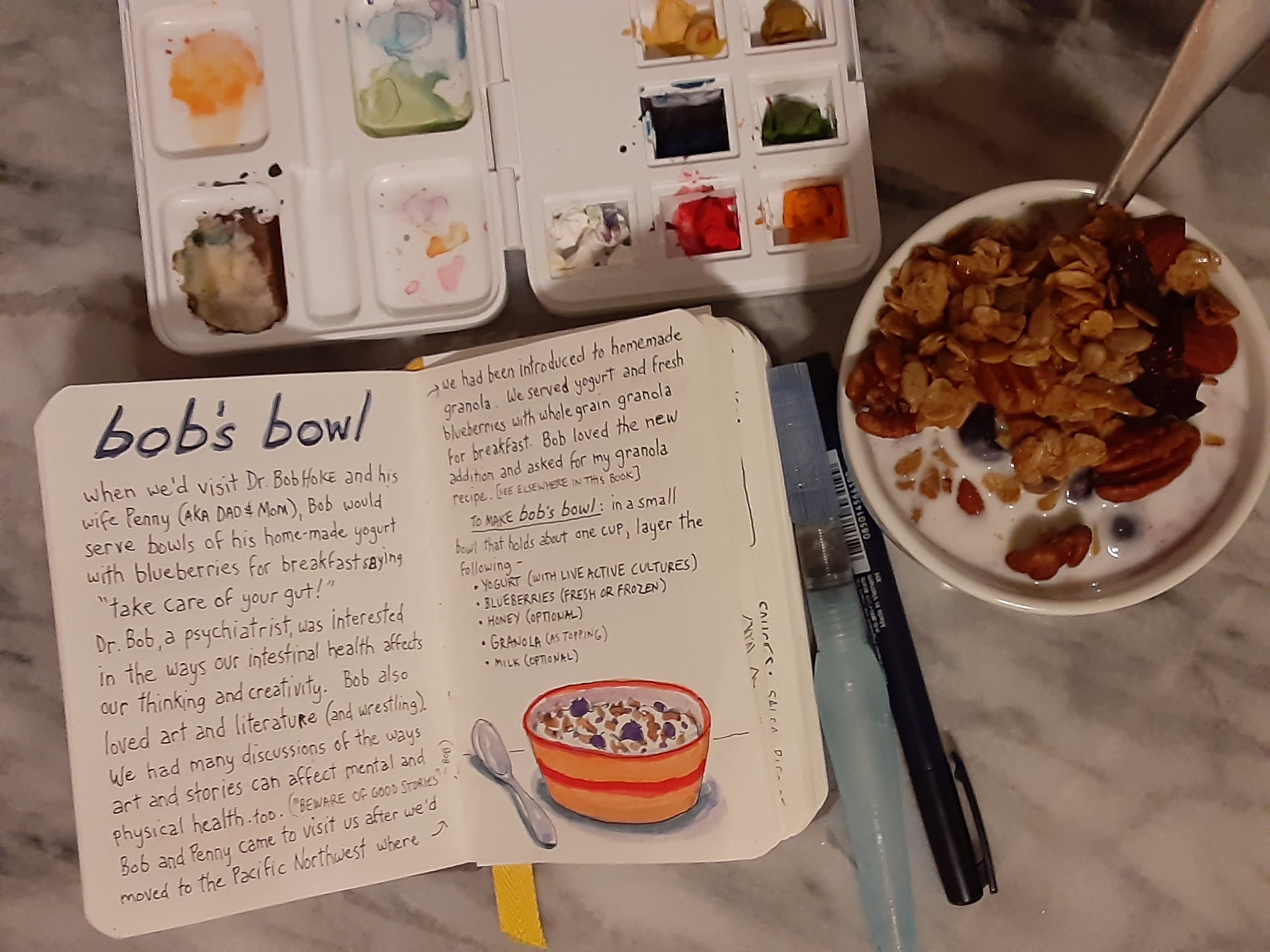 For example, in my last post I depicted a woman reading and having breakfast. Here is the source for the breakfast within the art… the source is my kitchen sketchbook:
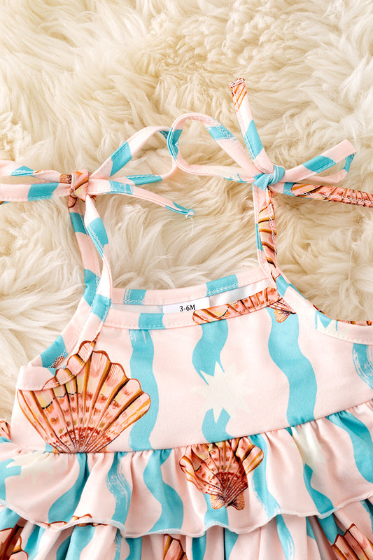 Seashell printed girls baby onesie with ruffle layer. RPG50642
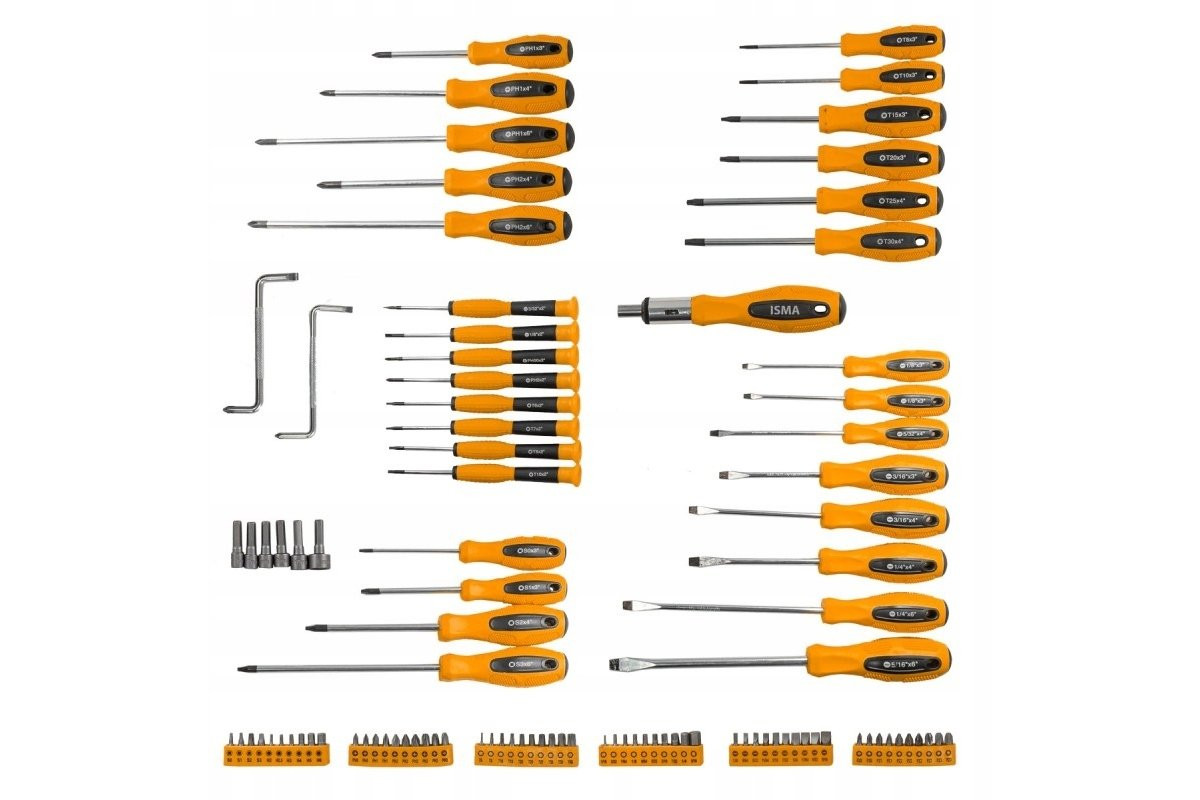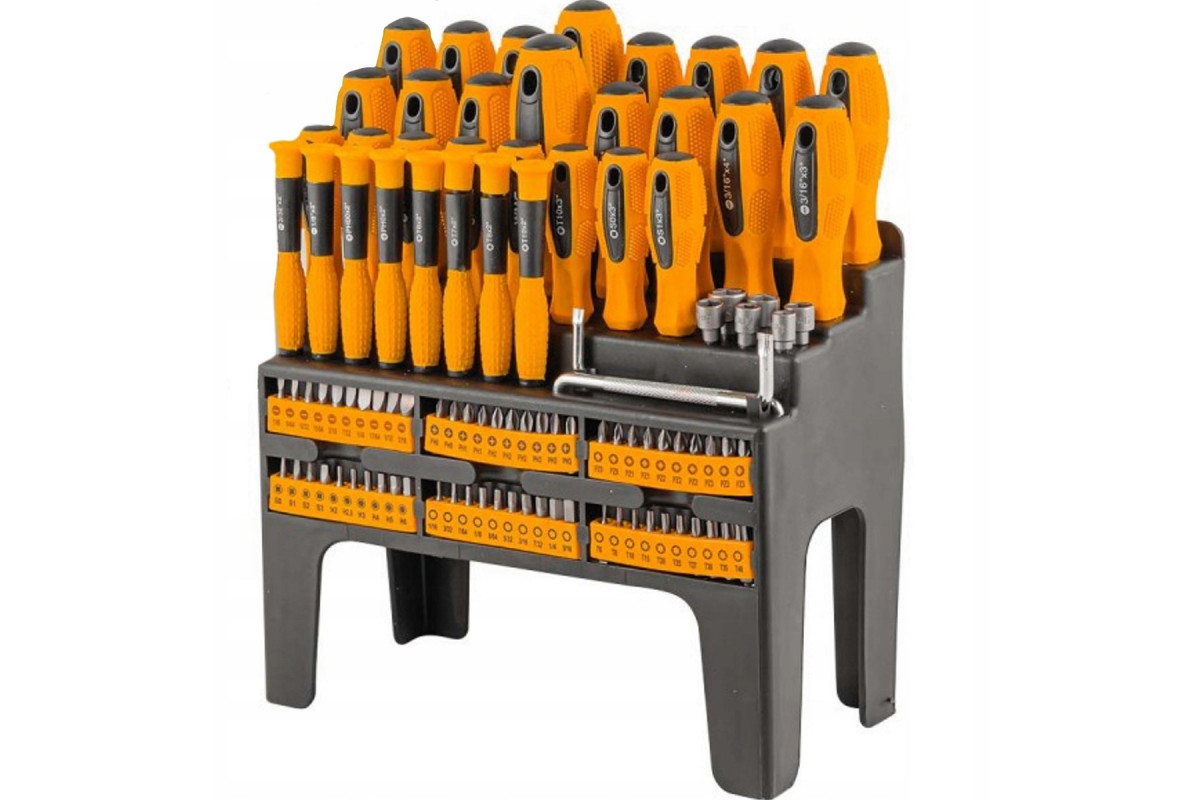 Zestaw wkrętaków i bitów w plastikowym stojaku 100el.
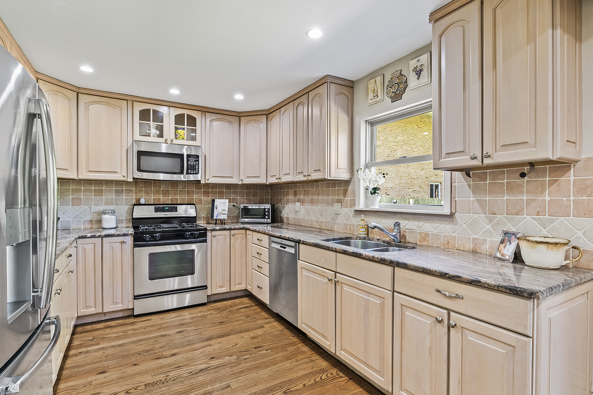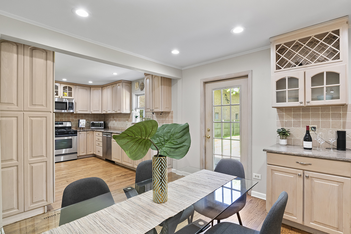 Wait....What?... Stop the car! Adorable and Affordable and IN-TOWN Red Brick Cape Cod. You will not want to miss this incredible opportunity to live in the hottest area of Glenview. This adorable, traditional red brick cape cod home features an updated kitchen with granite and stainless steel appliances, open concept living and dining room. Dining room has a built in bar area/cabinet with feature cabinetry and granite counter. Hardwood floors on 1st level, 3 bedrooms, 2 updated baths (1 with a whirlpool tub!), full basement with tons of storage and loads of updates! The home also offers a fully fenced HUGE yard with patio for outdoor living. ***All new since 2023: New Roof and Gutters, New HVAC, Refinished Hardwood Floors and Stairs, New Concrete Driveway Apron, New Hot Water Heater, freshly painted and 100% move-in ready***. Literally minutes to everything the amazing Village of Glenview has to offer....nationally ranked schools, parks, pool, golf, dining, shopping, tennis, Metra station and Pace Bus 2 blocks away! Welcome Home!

## TASK ITEM
All lines above from the one containing "Seashell printed girls" up to and including the one containing "Zestaw wkrętaków i" are to be set down exactly, and nothing else. Leave images out.

## FINAL ANSWER
 Seashell printed girls baby onesie with ruffle layer. RPG50642
 Zestaw wkrętaków i bitów w plastikowym stojaku 100el.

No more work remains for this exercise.